Kann das jemand Testen?

Gruß Dieter


----------



## Till (26. Sep. 2011)

Eine .htaccess Datei im apache Webserver kann immer nur Seiten beeinflussen, die unter dem vhost laufen. Das ist bei jedem Apache so, unabhängig ob Du ISPConfig verwendest oder nicht. Dein Problem hat also mit der Verwendung von ISPConfig nichts zu tun, sondern damit überw elchen vhost Du squirrelmail aufrufst. Squirrelmail ist ja bei den meisetn Linux Distributionen als apache Alias eingebunden, wenn Du also squirrelmail über eine Domain oder Aliaspomain aufrufst eines, die von apache über den Vhost geroutet wird der eine bestimmte .htaccess Datei enthält, so wird apache den Inhalt der .hatccess Datei auf diese URL's anwenden. Wenn diese .htaccess datei dann nicht kompatibel mit squirrelmail ist, so wird squirrelmail nicht funktionieren.
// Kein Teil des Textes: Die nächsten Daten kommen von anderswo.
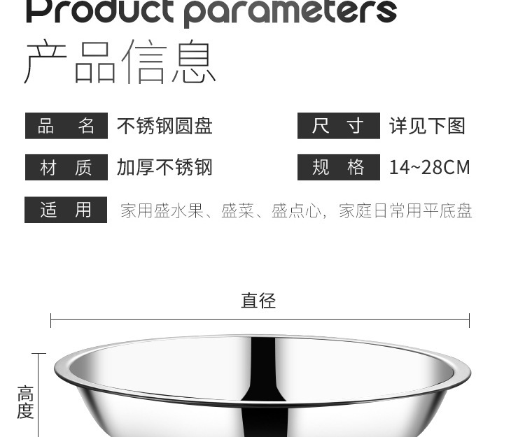 스테인레스 스틸 플레이트 접시 가정용 디스크 얕은 플레이트 창조적 인 만두 플레이트 두꺼운 접시 차가운 피부 접시 디너 플레이트스토어 가기
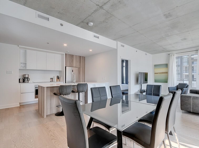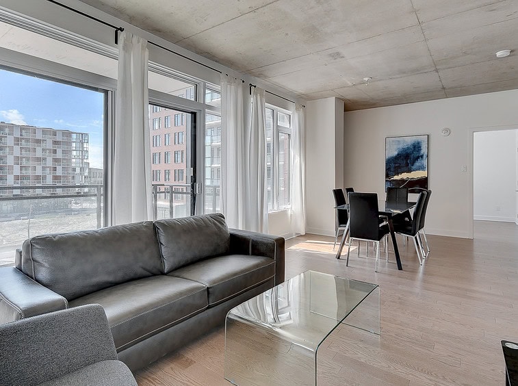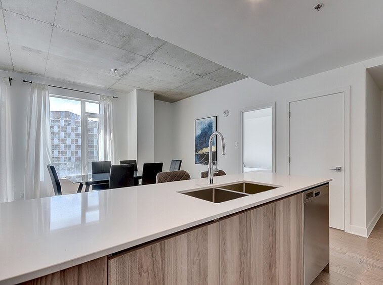 Au condo du Quartier, dès votre arrivée, vous vous sentirez chez vous. Grands espaces, plafonds hauts, lumière naturelle et vue magnifique sur la ville. Profitez également de la cuisine équipée avec comptoir-bar et du balcon privé.
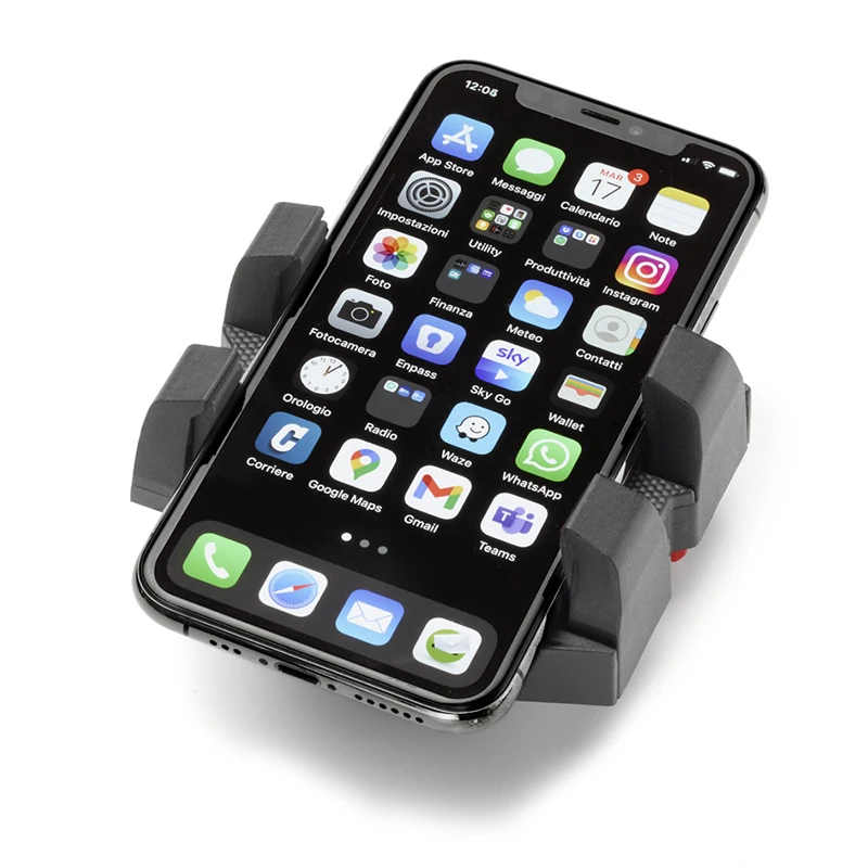 Pinza universale porta smartphone per il fissaggio su moto, scooter, biciclette, monopattini e quad.
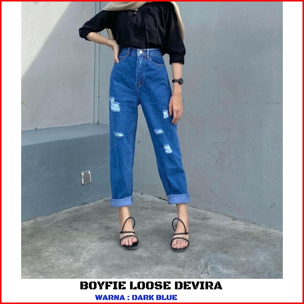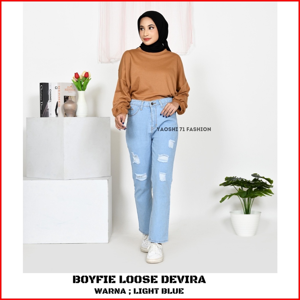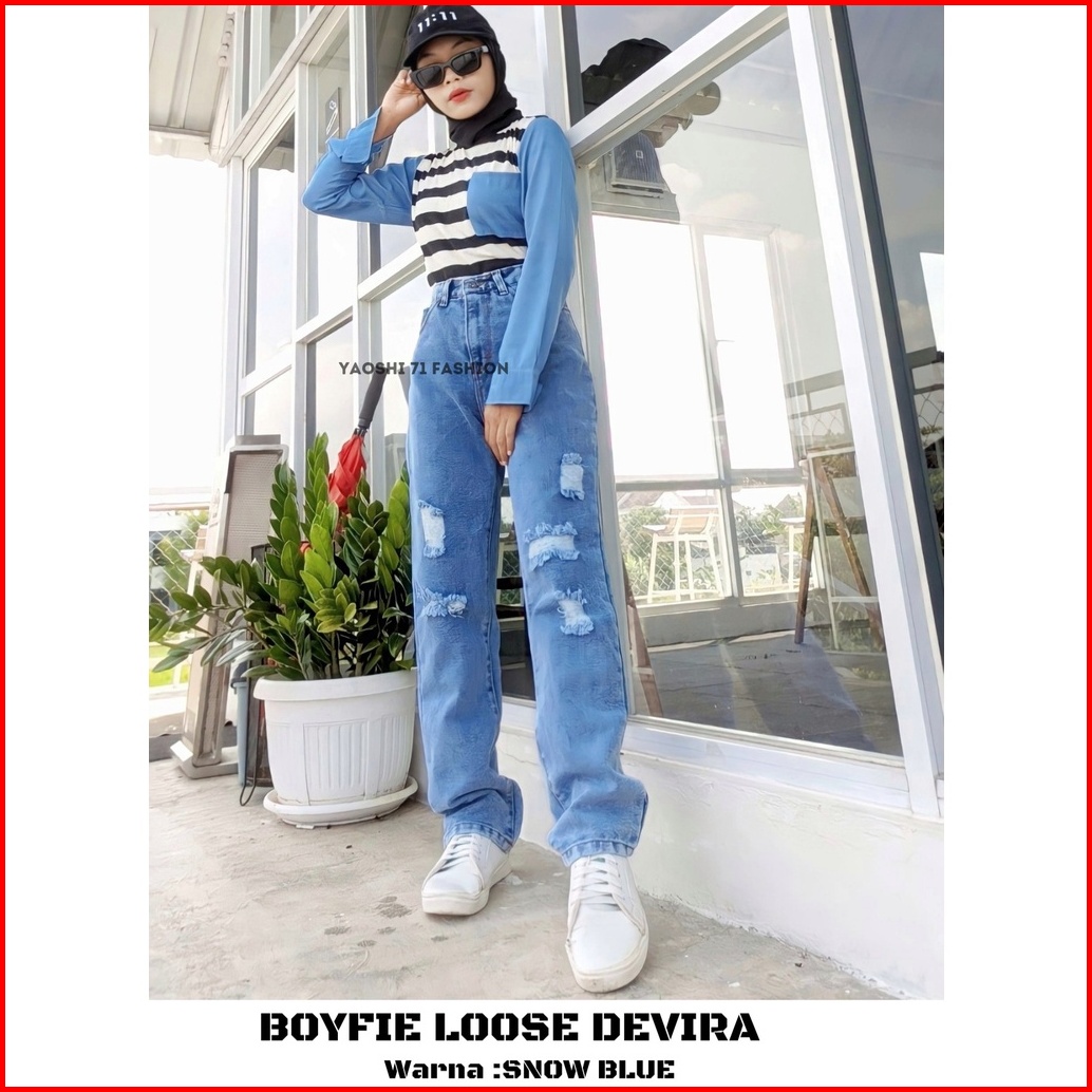 Yaoshi- Celana Jeans Wanita Pinggang Tinggi Devira Boyfie Loose Devira Premium Size 27-34

Da gibt es dann verschiedene Lösungen:

a) Ruf squirrelmail über einen anderen vhost auf. Z.b. indem Du einen vhost für mail.serverdomain.de anlegst welcher nicht diese .htaccess datei enthält.

Oder b) finde raus welcher Teil der .htaccess datei nicht mit squirrelmail funktioniert und ändere diesen.

Oder c) Installiere squirelmail in einem separaten vhost und deaktiviere den Alias für squirrelmail in der apaceh Konfiguration.


----------